As you can see from my sig., I'm in search of a mid-90s vintage steel frame. A Bontrager would be ideal but unless I find a sucker who doesn't know what they have, they are going on ebay for more than I'm willing to spend. I have seen a couple Specialized, Gary Fisher and assorted others pop up.

Does anyone know anything about mid-90s steel Gary Fisher frames? The ones I've seen claim to be 853 steel, is this correct. Were they typically 1/1/8" head tubes? I would just like to be educated if/when something becomes available.

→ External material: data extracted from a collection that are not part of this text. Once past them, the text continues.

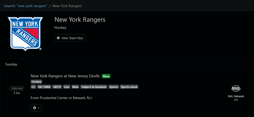 Trying to create a pass to just record NY Ranger games. Can someone help? Getting every hockey game!
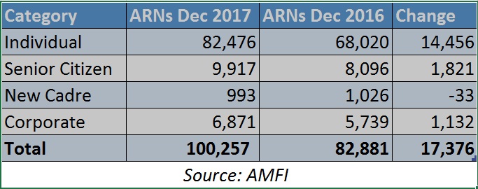 From 82,881 in December 2016, the total distribution force has gone up to 100,257 in December 2017. Distributors in the ‘individual’ category have contributed the most to this growth. The individual ARN licenses have gone up from 68,020 to 82,476 during the same period. Licenses in other categories like ‘senior citizen’ and ‘corporate’ have collectively increased by 2,953.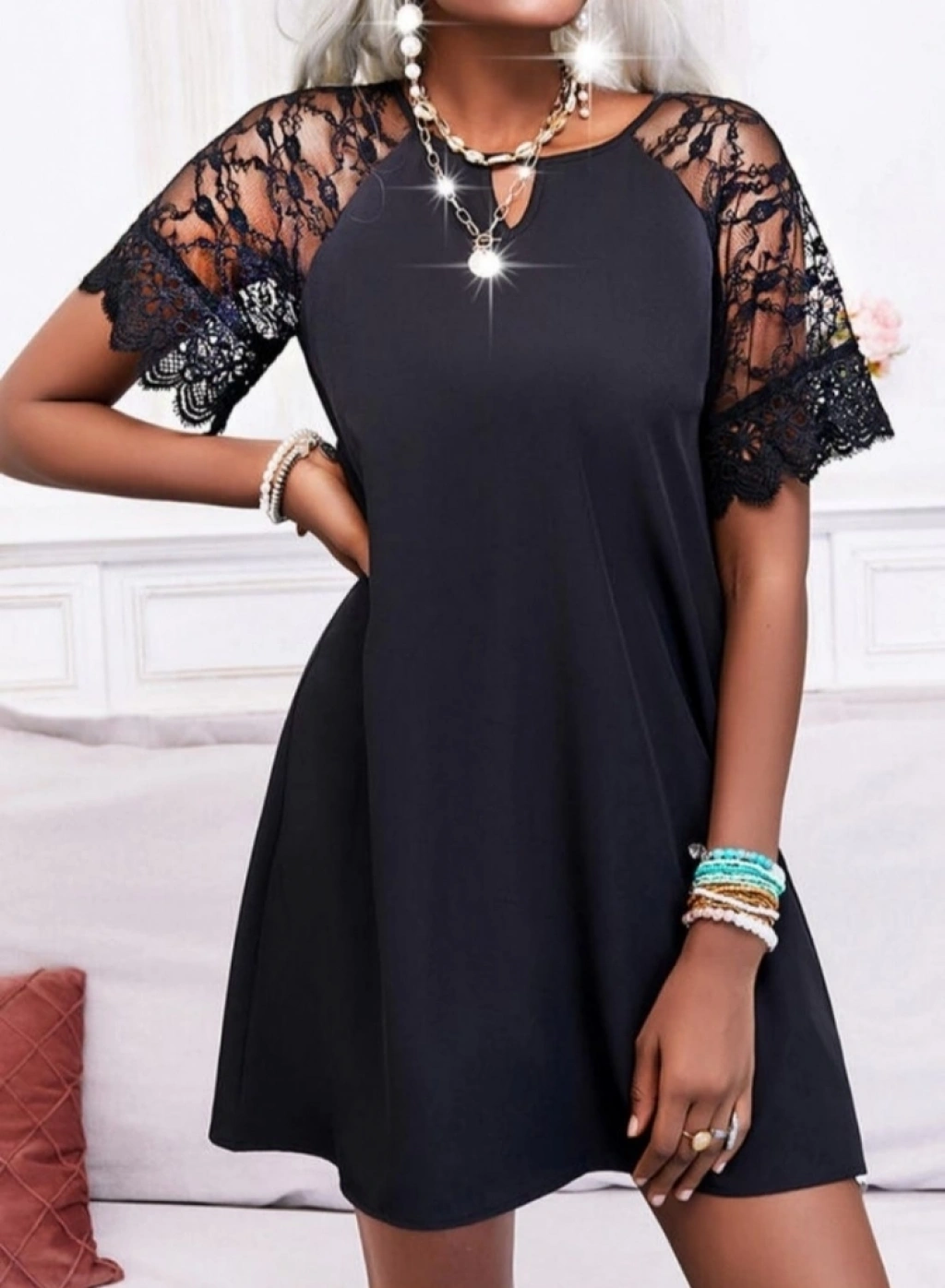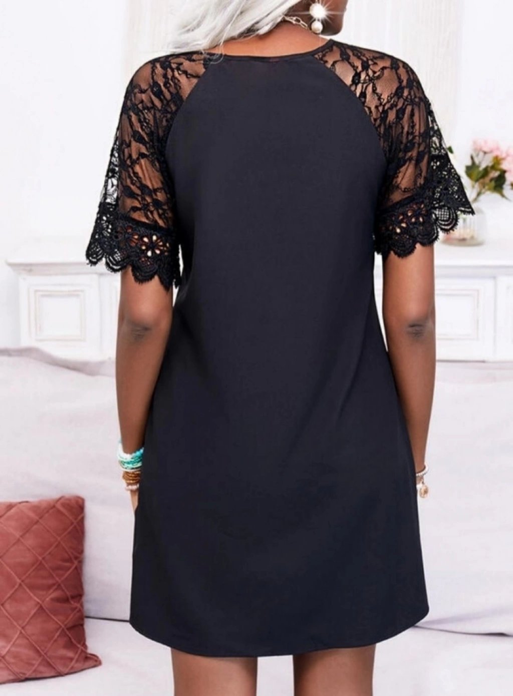 Dantel Detay Krep Elbise

Any info or resources you could point me to would be great! Thanks!


----------



## forkboy (Apr 20, 2004)

zanq said:


> As you can see from my sig., I'm in search of a mid-90s vintage steel frame. A Bontrager would be ideal but unless I find a sucker who doesn't know what they have, they are going on ebay for more than I'm willing to spend. I have seen a couple Specialized, Gary Fisher and assorted others pop up.
> 
> Does anyone know anything about mid-90s steel Gary Fisher frames? The ones I've seen claim to be 853 steel, is this correct. Were they typically 1/1/8" head tubes? I would just like to be educated if/when something becomes available.
> 
> Any info or resources you could point me to would be great! Thanks!


I am almost done rebuilding my 91 Fisher Paragon I pulled out of the trash.

It's Tange Prestige tubing
Has 1 1/4" (Evolution) headset
Has inboard cartridge bearing Bottom Bracket - no threads in BB shell.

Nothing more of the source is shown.